However, any fourier transform method depends on evenly spaced data, and our R-R intervals are most certainly not evenly spaced in time. This is because the position in time of the intervals is dependent on their length, which is different for each interval. I hope this makes sense.
To find our measures, we need to:

  • Create an evenly spaced timeline with the R-R intervals on it;
  • Interpolate the signal, which serves to both create an evenly spaced time-series and increase the resolution;
    • This interpolation step is also called re-sampling in some studies.
  • Transform the signal to the frequency domain;
  • Integrate the area under the LF and HF portion of the spectrum.

Calculating Frequency Domain Measures
First we create an evenly spaced timeline for the R-R intervals.
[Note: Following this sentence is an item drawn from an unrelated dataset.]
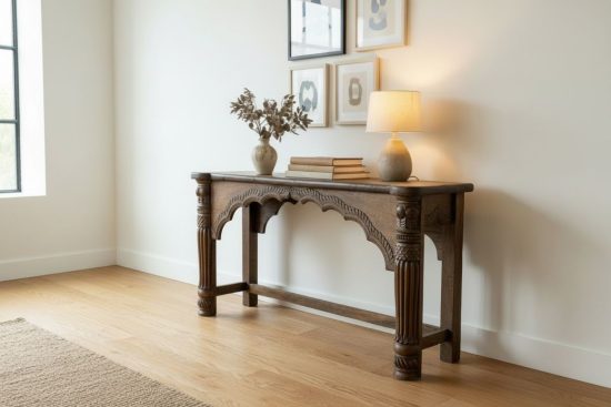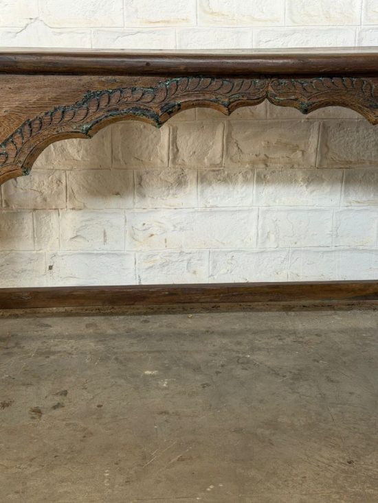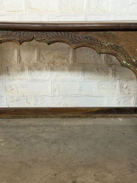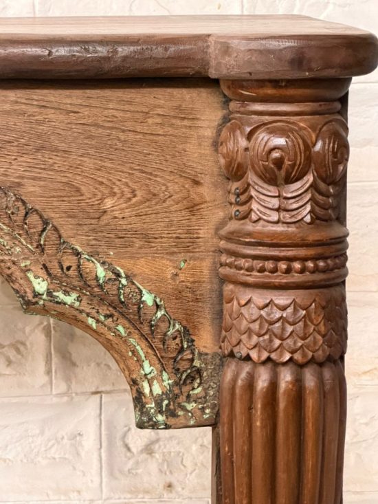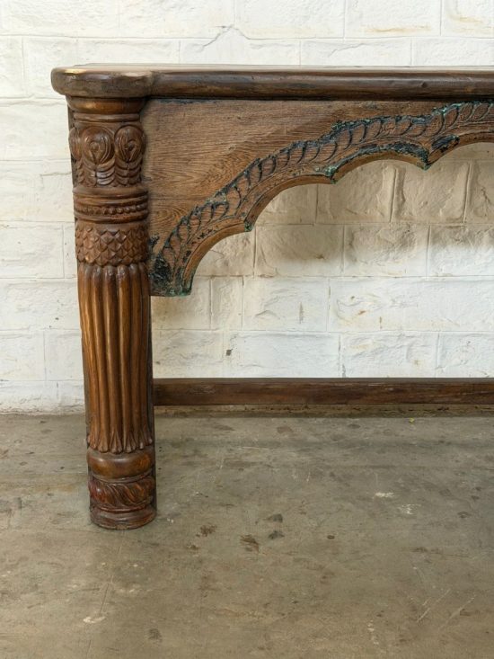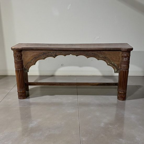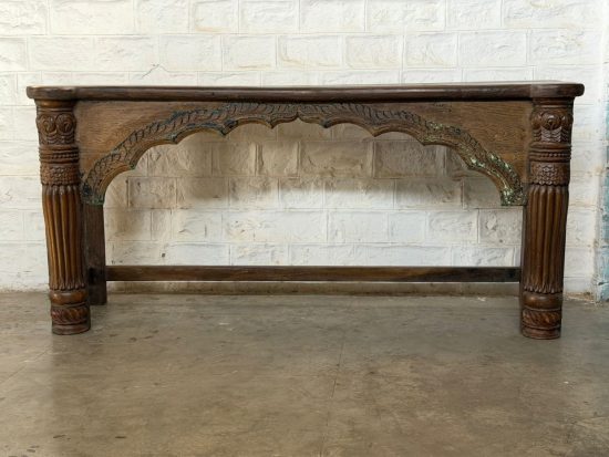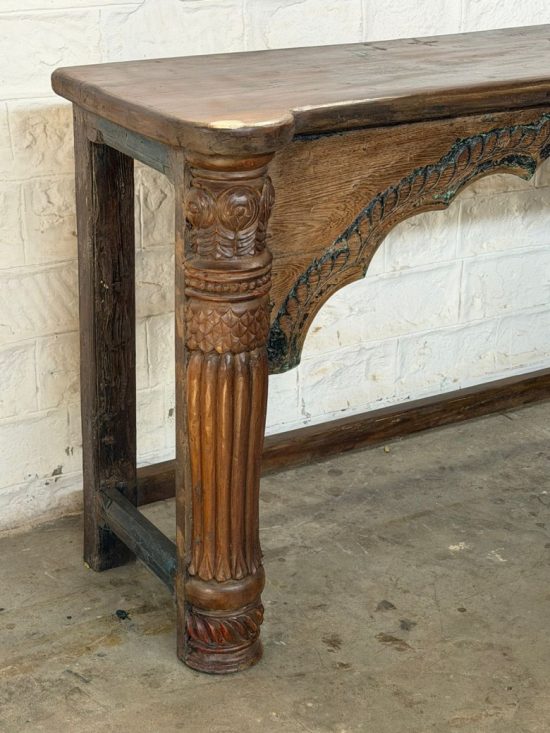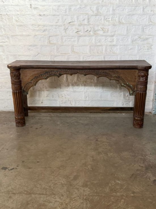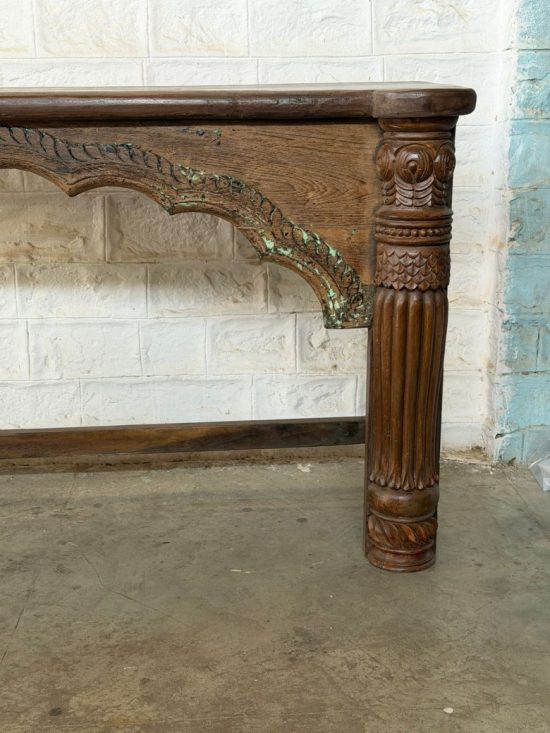 A beautiful 100-year-old antique Indian console table crafted from solid teak wood, featuring elegant hand-carved arch detailing and sculptural turned legs. This timeless piece reflects the craftsmanship of traditional Indian furniture makers and carries the warmth and character that only a century-old piece can offer.
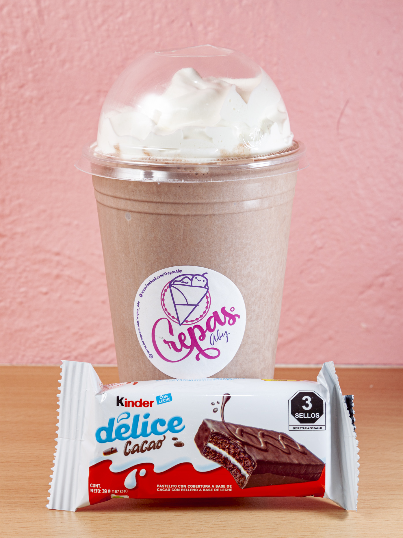 Crepa de Nutella, pastelito de Kinder Delice y plátano con topping y espolvoreado a tu elección.

To do this we take the sample position of all R-peaks, which is housed in the list dict[‘peaklist’] that we calculated in part 1. We then assign the y-values to these sample positions from the list dict[‘RR_list’], which contains the duration of all R-R intervals. Finally we interpolate the signal.

from scipy.interpolate import interp1d #Import the interpolate function from SciPy

peaklist = measures['peaklist'] #First retrieve the lists we need

RR_list = measures['RR_list']
RR_x = peaklist[1:] #Remove the first entry, because first interval is assigned to the second beat.
RR_y = RR_list #Y-values are equal to interval lengths
RR_x_new = np.linspace(RR_x[0],RR_x[-1],RR_x[-1]) #Create evenly spaced timeline starting at the second peak, its endpoint and length equal to position of last peak
f = interp1d(RR_x, RR_y, kind='cubic') #Interpolate the signal with cubic spline interpolation

Note that the time series does not start at the first peak, but at the sample position of the second R-peak. Because we work with the intervals, the first interval is available at the second peak.
We can now use the created function f() to find the y value of any x-position within our signal range:
print f(250)
#Returns 997.619845418, the Y value at x=250

Simlarly, we can pass our entire timeseries RR_x_new to the function and plot it:
plt.title("Original and Interpolated Signal")
plt.plot(RR_x, RR_y, label="Original", color='blue')
plt.plot(RR_x_new, f(RR_x_new), label="Interpolated", color='red')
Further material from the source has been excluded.